Во-первых, как судебное разбирательство связано с эсхатологическими картинами? Что родственного между этими мотивами? Дело в том, что для человека той эпохи правосудие символизировало не могущество власти, а величие происходящей космической драмы. Скептическое же отношение к суду свойственно современному человеку, но не психологии XII века. Такое отношение к правосудию сохранится до XVIII века.

Во-вторых, откуда участники судебного заседания узнают о поступках человека, о прожитой им жизни, которую предстоит оценить? Все деяния человека занесены в «книгу жизни» одним из ангелов — секретарем суда. Об этой таинственной книге говорится в «Апокалипсисе»: «И видел я в деснице у Сидящего на престоле книгу, написанную внутри и отвне, запечатанную семью печатями». Такую liber vitae держит ангел на портале Сент-Фуа-де-Конк.

Первоначально в эту книгу записывались святые и праведники — обитатели рая, так называемой «земли живых» (отсюда и название книги). Но с XIII века книга превращается из перечня святых в реестр человеческих деяний. Представление о смерти как о коллективной судьбе человеческого рода окончательно сменяется индивидуализированной смертью. А значит и жизнь теперь воспринимается иначе — как сумма фактов, событий, действий, которые будут учтены в таинственной книге. Эта книга — и биография, и история человека — будет одним из центральных символов человеческой судьбы до XVIII века.

Фреска Страшного суда собора в Альби (конец XV — начало XVI века). Каждый воскресший мертвый держит в своих руках собственную книгу. Их лица и жесты передают ужас, который внушает им чтение такой книги. Книга избранных стала книгой проклятых.

Арьес цитирует трактат 1736 года о том, как готовить себя к смерти из «Зерцала души грешника и праведника в течение жизни и в час смерти». Картина неправедной смерти: «Удрученный ангел-хранитель покидает его (умирающего), роняя его книгу, где стираются записанные там добрые дела, ибо всё, что он сделал доброго, лишено ценности для небес. Слева же виден бес, представляющий ему книгу, заключающую в себе всю историю его дурной жизни». Картина благой, праведной смерти: «Ангел-хранитель с радостным видом показывает книгу, где записаны его добродетели, его добрые дела, посты, молитвы, умерщвление плоти и тому подобное. Дьявол же в смятении удаляется и бросается в ад с его книгой, где нет никаких записей, ибо его грехи стерты искренним покаянием». Коллективная «книга жизни» на портале церкви Сент-Фуа-де-Конк за 600 лет превращалась в индивидуальное «удостоверение личности», напоминающую паспорт с указанием судимостей.
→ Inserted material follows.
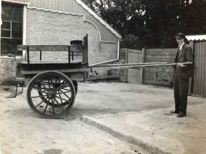 Wat hebben ‘den bekenden fistelboer’ Klaas Ursem uit Nibixwoud en Cornelis Kluun ‘sjouwerman te Binnenwijzend’ met elkaar gemeen? Ze kwamen allebei in 1936 in de Nieuwe Hoornsche Courant nadat ze met hun dresseerkar waren aangereden door een automobiel. Het begrip ‘dresseerkar’ is relatief jong. Was het aan het einde van de 19e eeuw nog een kar zuiver om paarden af te richten, na de eeuwwisseling is dit rijtuigje in opkomst. Dan is het vrijwel gelijk een typeaanduiding, wanneer er te koop staat ‘een bijna spiksplinternieuwe hondensjees, model dresseerkar’, weten de lezers van het Nieuwsblad van het Noorden in april 1907 precies wat de verkoper bedoelt. Vanaf de jaren ’20 vooral in gebruik als melkkar en als wagentje voor de gewone man. Eind jaren ’40 vooral op luchtbanden.

Ван Эйк, диптих «Распятие и Страшный суд» (1430)

Так идея Страшного суда отделилась от идеи Воскресения, да и страх перед этим Судом был уже сильнее, чем вера в собственное воскресение. И если первоначально Суд этот происходил не в момент смерти, а в конце времен, то есть еще существовал некий промежуток между жизнью и смертью, то теперь участь души решалась прямо в сам момент физической кончины. Это был крупный сдвиг в менталитете: ведь если подобного «промежутка» между живыми и мертвыми нет, то душа лишена возможности «явиться» живым — так ослабевала вера в призраков, привидений, теней и вообще в неуспокоенные души умерших. И Страшный суд теперь разыгрывался не в потустороннем мире, а в комнате умирающего.

Но если в раннем Средневековье последняя агония умирающего в своей комнате воспринималась как явление обыденное, то теперь сама комната становилась сценой великого театра, подмостками космической драмы. В центре этой драмы — умирающий, его жизнь, страсти, мысли и поступки. Вокруг него собирается судебное заседание с участием святой Троицы, девы Марии, ангела-хранителя, небесного воинства, Сатаны и армии бесов.